YOUR OBJECTIVE: Copy the lines below, word for word, from the first through the line containing "朱诺像(局部),罗马帝国早期". Leave the pictures out.

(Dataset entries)
※ ※ ※
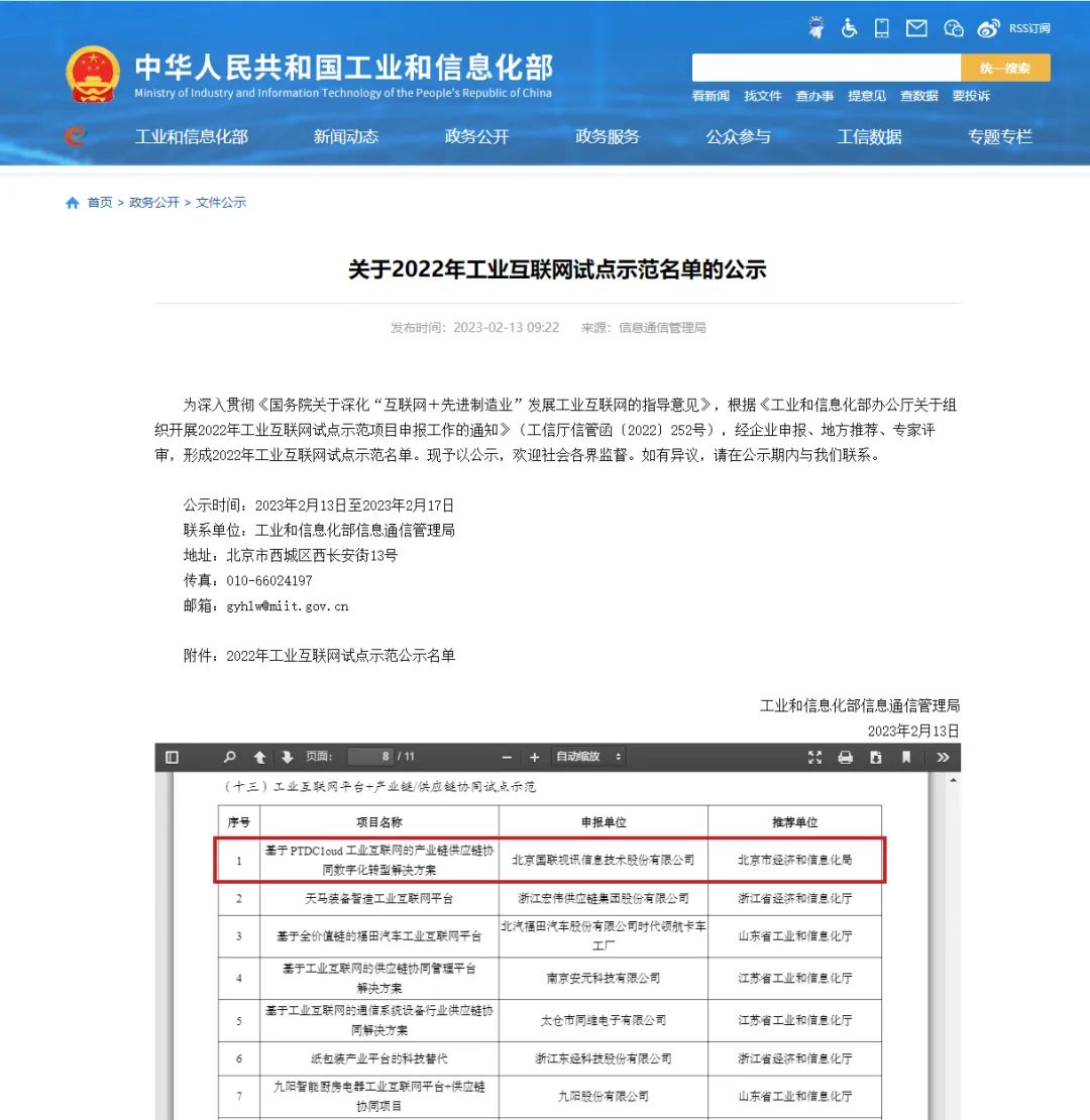 近日,根据《工业和信息化部办公厅关于组织开展2022年工业互联网试点示范项目申报工作的通知》(工信厅信管函〔2022〕252号),经企业申报、地方推荐、专家评审,最终形成了2022年工业互联网试点示范名单,国联股份凭借“基于PTDC1oud工业互联网平台的产业链供应链协同数字化转型解决方案”成功入选。
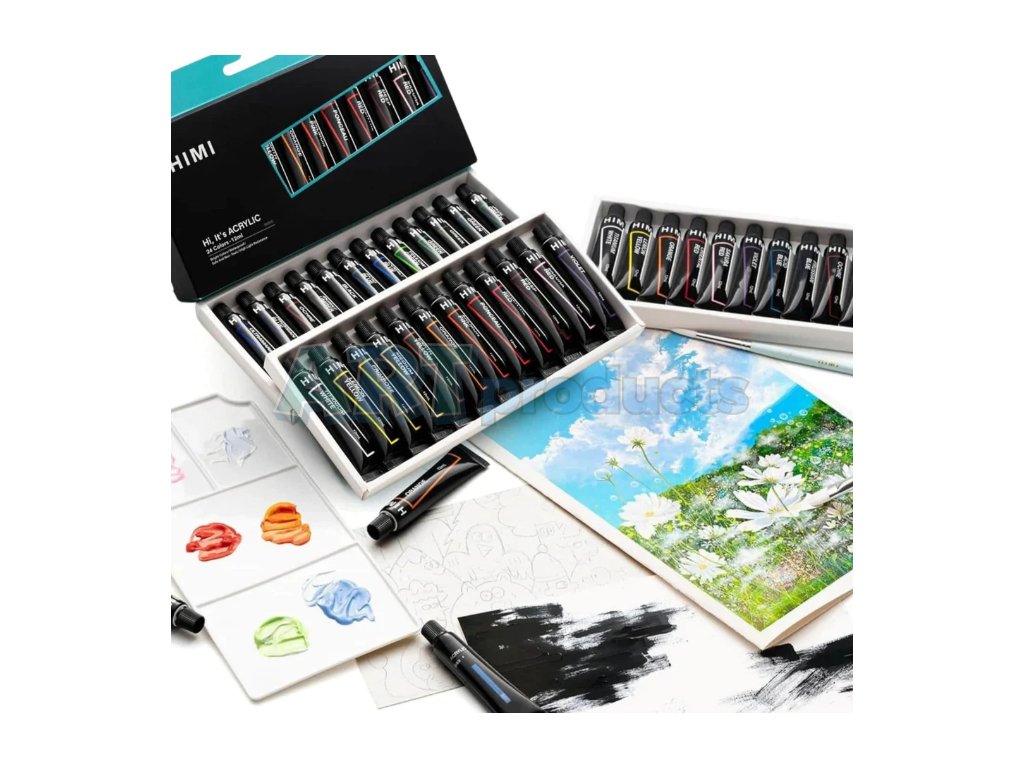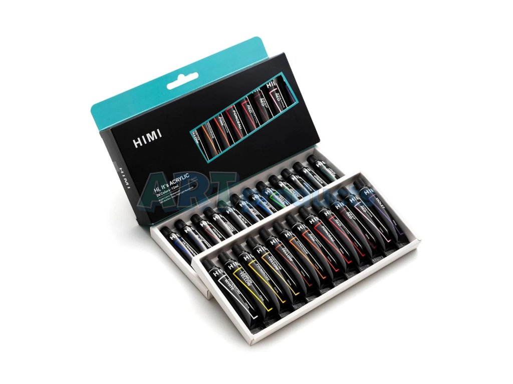 Sada HIMI akrylových barev v balení 24 kusů přináší bohatou paletu barev pro detailní i velkoformátové práce. Díky praktickému balení v tubách po 12 ml jsou barvy snadno dávkovatelné a zajišťují dlouhou životnost. Každý odstín je sytý, krycí a perfektně přilne ke všem běžným výtvarným povrchům.
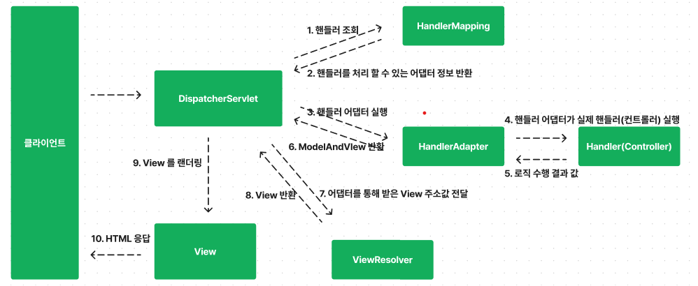 - Handler(Controller)가 해당 요청을 받아 로직을 수행하여 결과를 반환
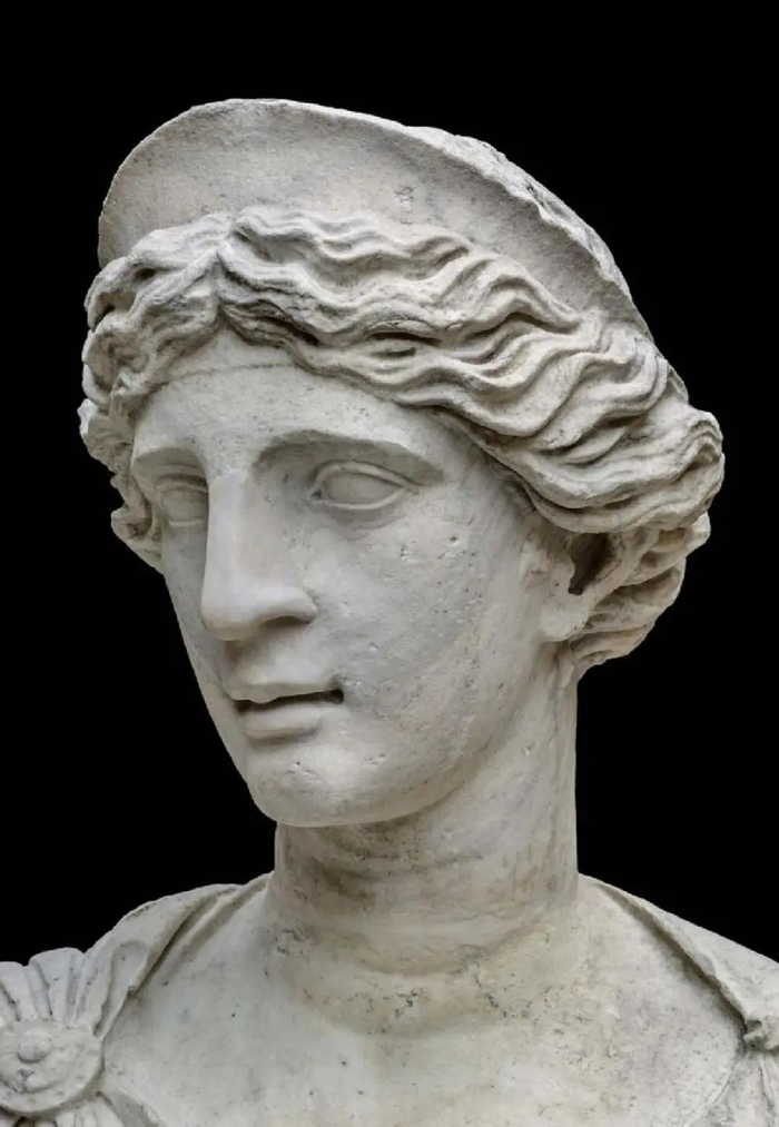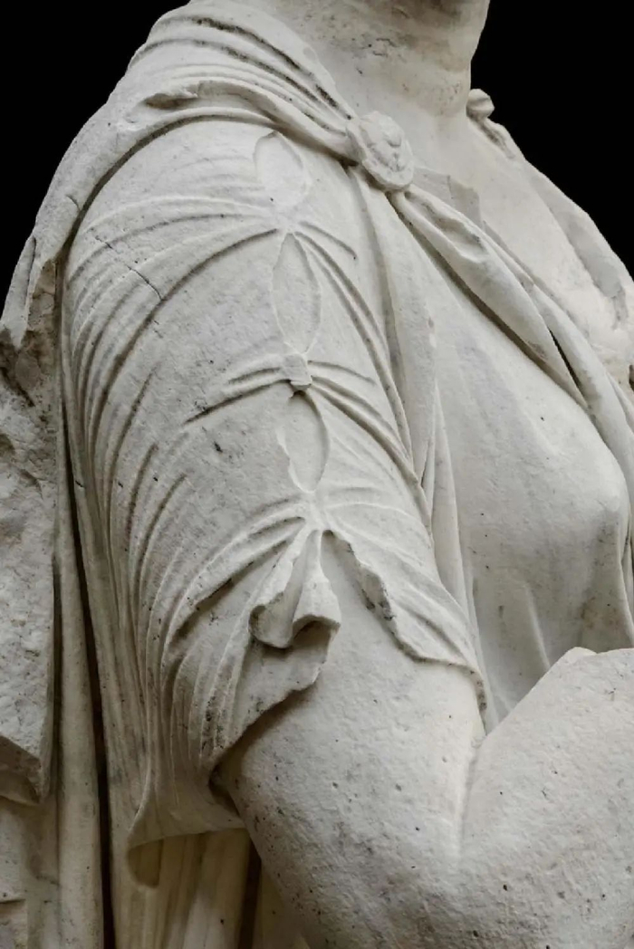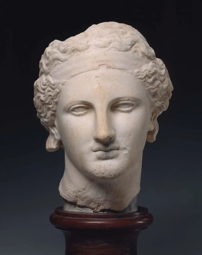 朱诺像(局部),罗马帝国早期,公元前1年末,大理石。身体由卡拉拉大理石制成;头部为彭特利克大理石
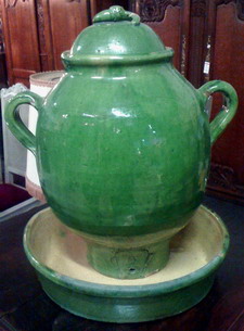 This is a one of a kind primitive Fountain intaxt with all pieces! Only once before has that happened in all our years. It has the stunning 20 inch body with a detailed mans face added where the spout allowed the water to exit. The original Lid and ...the Bassin that went below to catch the water as this piece was meant to hang in the wall. The style added to hang the piece to the wall shows classic early 19thC work but...I'll say 1820-1850. The glaze is a beautiful clear green-emerald green and it was , with out doubt, amde in the L'Heralut in Pezenas or perhaps St jean de Fos. It is an extraoridnary piece and was obviously a marriage present.
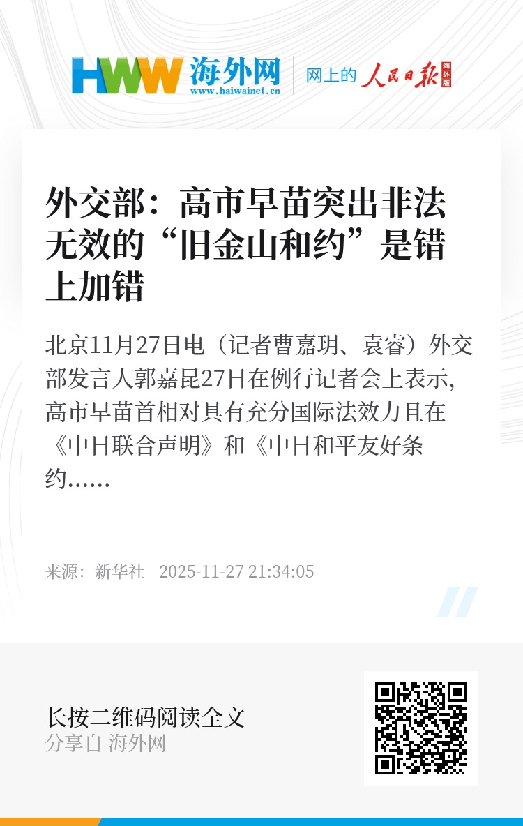 新华社北京11月27日电(记者曹嘉玥、袁睿)外交部发言人郭嘉昆27日在例行记者会上表示,高市早苗首相对具有充分国际法效力且在《中日联合声明》和《中日和平友好条约》等双边文件中明确强调的《开罗宣言》《波茨坦公告》避而不谈,却唯一突出非法无效的“旧金山和约”,这再次表明,她时至今日仍不思悔改,仍在持续损害中日四个政治文件精神确定的中日关系政治基础,无视联合国权威,公然挑战战后国际秩序和国际法基本准则,甚至妄图煽炒所谓“台湾地位未定论”。这是错上加错,中方对此坚决反对,国际社会也应高度警惕。中方再次敦促日方切实反思纠错,收回错误言论,以实际行动体现对华承诺,以实际行动履行作为联合国成员国起码应尽的义务。
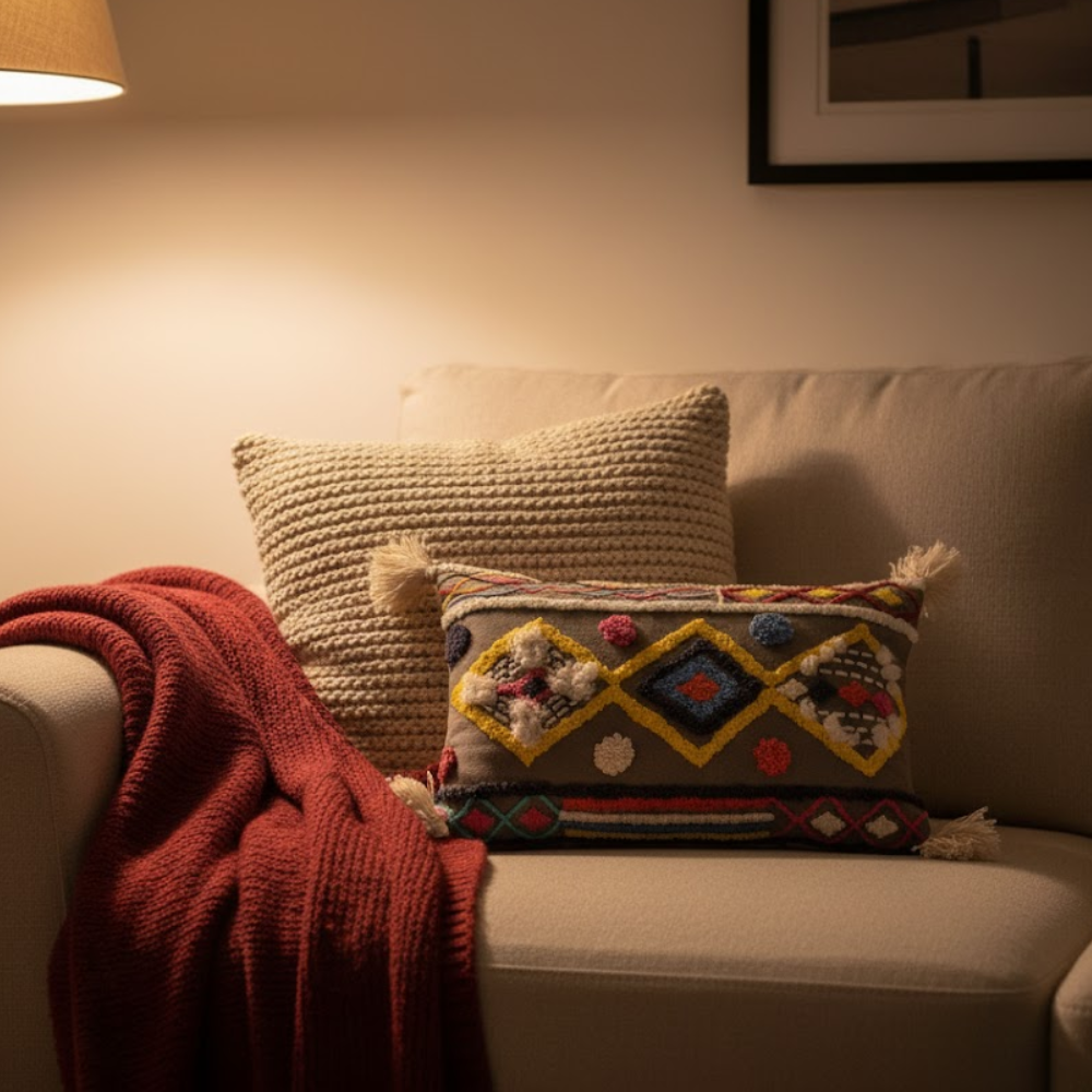 Because it’s handmade,minor variations in embroidery, colour, and finish are natural, making everycushion cover unique.
※ ※ ※
PROBLEM SOLUTION:
 近日,根据《工业和信息化部办公厅关于组织开展2022年工业互联网试点示范项目申报工作的通知》(工信厅信管函〔2022〕252号),经企业申报、地方推荐、专家评审,最终形成了2022年工业互联网试点示范名单,国联股份凭借“基于PTDC1oud工业互联网平台的产业链供应链协同数字化转型解决方案”成功入选。
 Sada HIMI akrylových barev v balení 24 kusů přináší bohatou paletu barev pro detailní i velkoformátové práce. Díky praktickému balení v tubách po 12 ml jsou barvy snadno dávkovatelné a zajišťují dlouhou životnost. Každý odstín je sytý, krycí a perfektně přilne ke všem běžným výtvarným povrchům.
 - Handler(Controller)가 해당 요청을 받아 로직을 수행하여 결과를 반환
 朱诺像(局部),罗马帝国早期,公元前1年末,大理石。身体由卡拉拉大理石制成;头部为彭特利克大理石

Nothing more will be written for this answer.